The mutant chuckled.
“You read minds better than I do,” Jask said. “You're reading mine right now, without any trouble, and I can't really feel you doing it.”
“True enough, though that isn't what amuses me. You forgot that if I had wanted to kill you just then, I could have broken your neck with one blow while you were getting up fast to avoid my feet.”
Jask shuddered but said nothing. He would not permit himself to be terrified by a quasi-man.
The bruin chuckled again, then said, “If we're going to get through the next couple of days together — and I think it might be that long until we can safely split up — you're going to have to develop some cunning — a quality most of you Pures sadly lack.”
“What makes you think we have to stay together once we leave here?” Jask asked. He had slowly begun to accept the fact he was not going to be killed immediately.
The bruin shook his head. “A real lack of cunning,” he said sadly, much as he may have commented on another man's status as a cripple. “You don't, for a minute, think they'll stop looking for you when they find you gone from the inn, do you?”
“Well—”
“They'll spread the search and pick up your trail. You'll never make it on your own. Your chance is with me. Now come along.”
“Wait.”
“We have little time for argument,” the bruin said.
“Why would you want to help me? What do you care whether they catch me once we've left here?”
The bear-man hesitated a moment, then said, “Maybe I just want to get some gratification from having a Pure who's dependent on me.

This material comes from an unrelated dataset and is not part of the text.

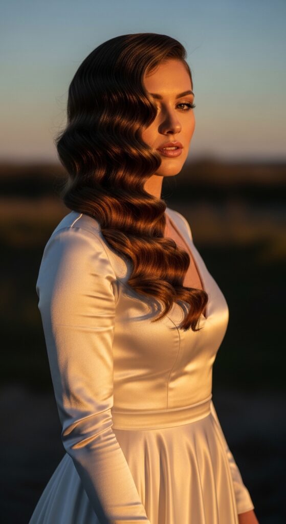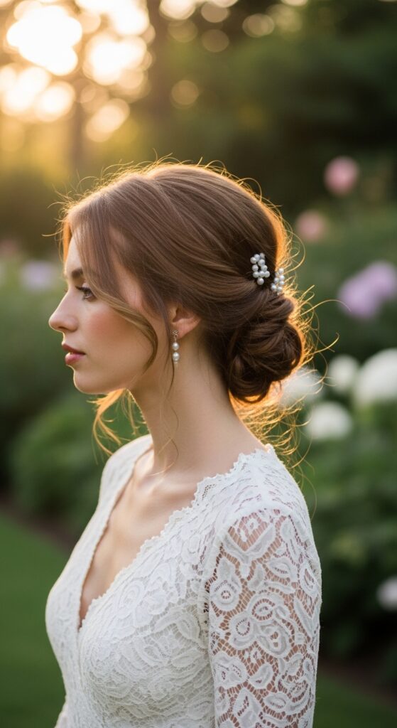 This style gives you the best of both worlds: the elegance of an updo and the romance of wearing your hair down. It’s perfect for showing off delicate earrings or a beautiful neckline.

Maybe I would enjoy lording it over one of your kind. Satisfy you?”
“For the moment, I guess.”
The mutant shuffled across the cellar floor, his padded feet hissing on the stone. Behind a row of old clothes trunks he peered down a Stygian well set in the basement floor. “A storm drain,” he said.
Jask could barely make it out, a blacker spot on the dark floor. Apparently his eyes had not adjusted to the gloom as well as the bruin's eyes had. He said, “You first.” His paranoia told him not to trust the hairy stranger, even though there was nothing else for him to do but trust.
In a moment the quasi-man had lowered himself into the sewer and disappeared. Jask heard a faint splash of water, nothing else.
He waited, reluctant to commit himself to such a comradeship as this, even if it were only temporary. After all, he was a Pure, even if he had fallen from grace. His blood flowed in a straight stream down the centuries from forgotten ancestors, a proud line of Pures.